*PROBLEM REQUIREMENTS:* Give back an exact copy of the listing that follows, without the pictures.

*PROVIDED MATERIAL:*
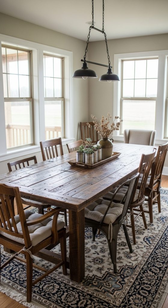 Use reclaimed wood planks to build a sturdy dining table with character. Pair it with mismatched chairs for a farmhouse feel or stain it dark for elegance.
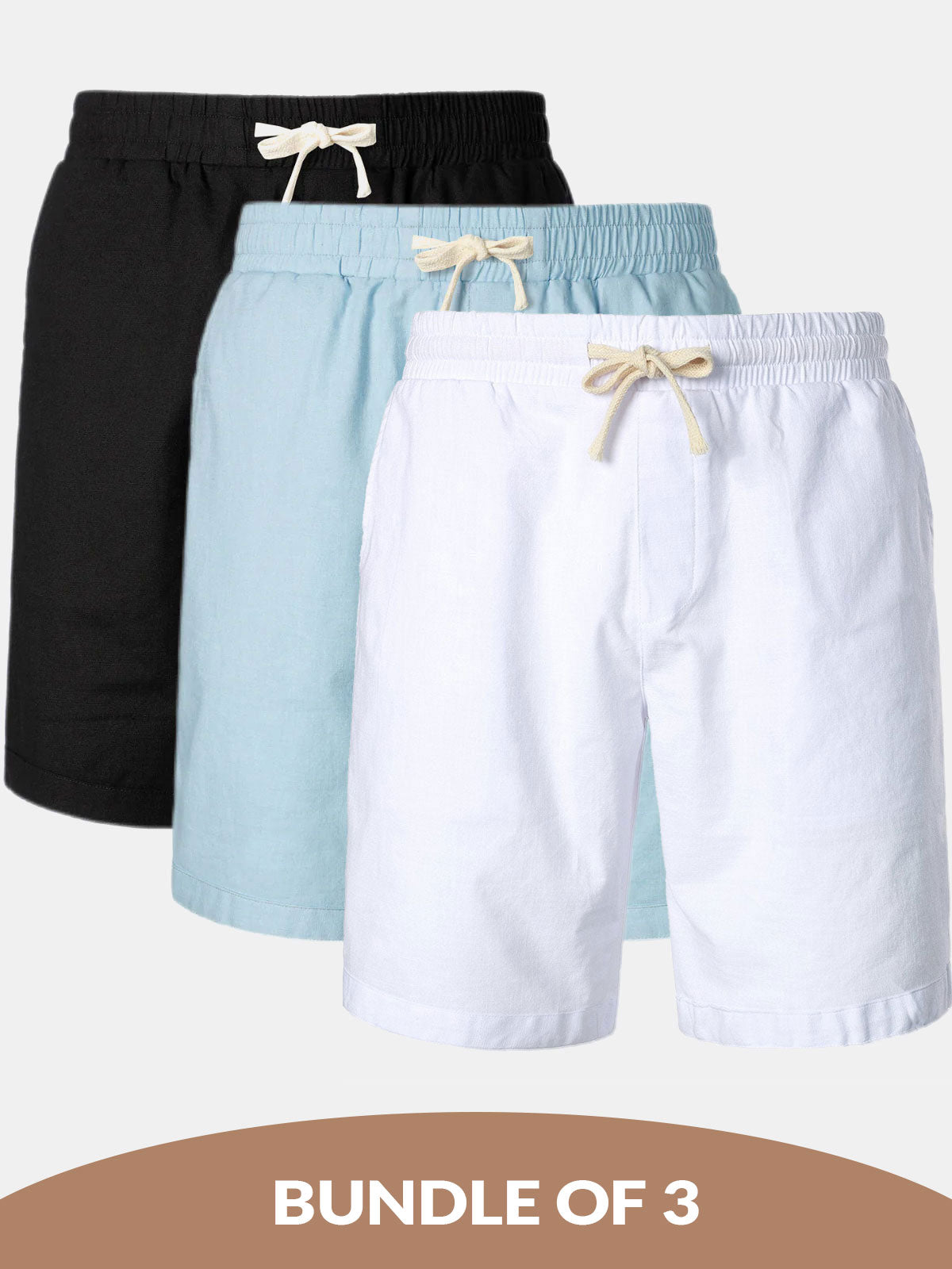 Bundle Of 3 | Men's Solid Color Breathable Linen Cotton Casual Shorts
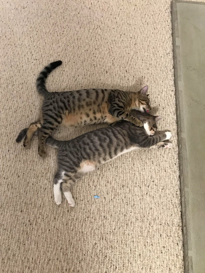 The kittens will likely play together and be active so they have decreased risk of obesity and associated illnesses. If you have two kitties that like each other, they may groom each other to help maintain some personal hygiene.
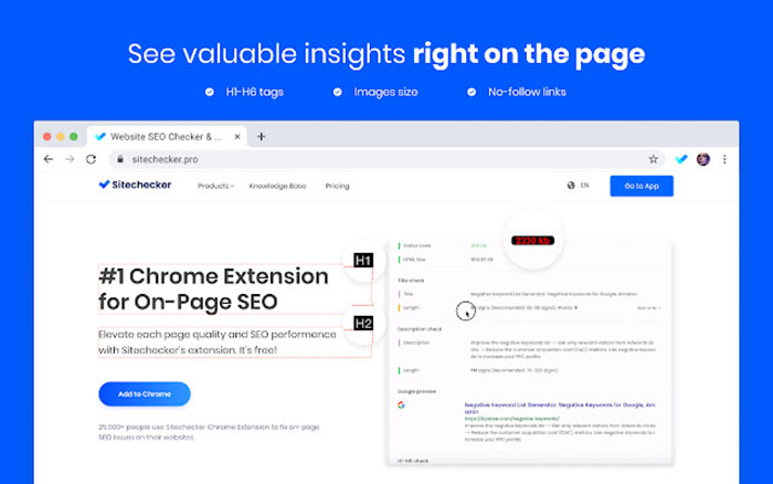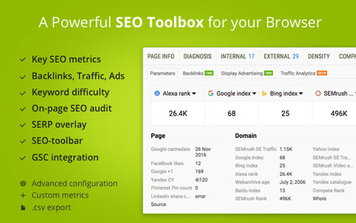 Đây là công cụ phân tích SEO trên trang với nhiều công cụ, giúp người dùng tiết kiệm thời gian và tăng năng suất. SEO Extension [Metrics, Backlinks, On-Page] kiểm tra tất cả các chi tiết meta của một trang và hiển thị phác thảo. Nó cũng kiểm tra tất cả các liên kết để đảm bảo rằng không có liên kết nào bị lỗi, đồng thời xem có bao nhiêu backlink một cách nhanh chóng.

*PROBLEM SOLUTION:*
 Use reclaimed wood planks to build a sturdy dining table with character. Pair it with mismatched chairs for a farmhouse feel or stain it dark for elegance.
 Bundle Of 3 | Men's Solid Color Breathable Linen Cotton Casual Shorts
 The kittens will likely play together and be active so they have decreased risk of obesity and associated illnesses. If you have two kitties that like each other, they may groom each other to help maintain some personal hygiene.
 Đây là công cụ phân tích SEO trên trang với nhiều công cụ, giúp người dùng tiết kiệm thời gian và tăng năng suất. SEO Extension [Metrics, Backlinks, On-Page] kiểm tra tất cả các chi tiết meta của một trang và hiển thị phác thảo. Nó cũng kiểm tra tất cả các liên kết để đảm bảo rằng không có liên kết nào bị lỗi, đồng thời xem có bao nhiêu backlink một cách nhanh chóng.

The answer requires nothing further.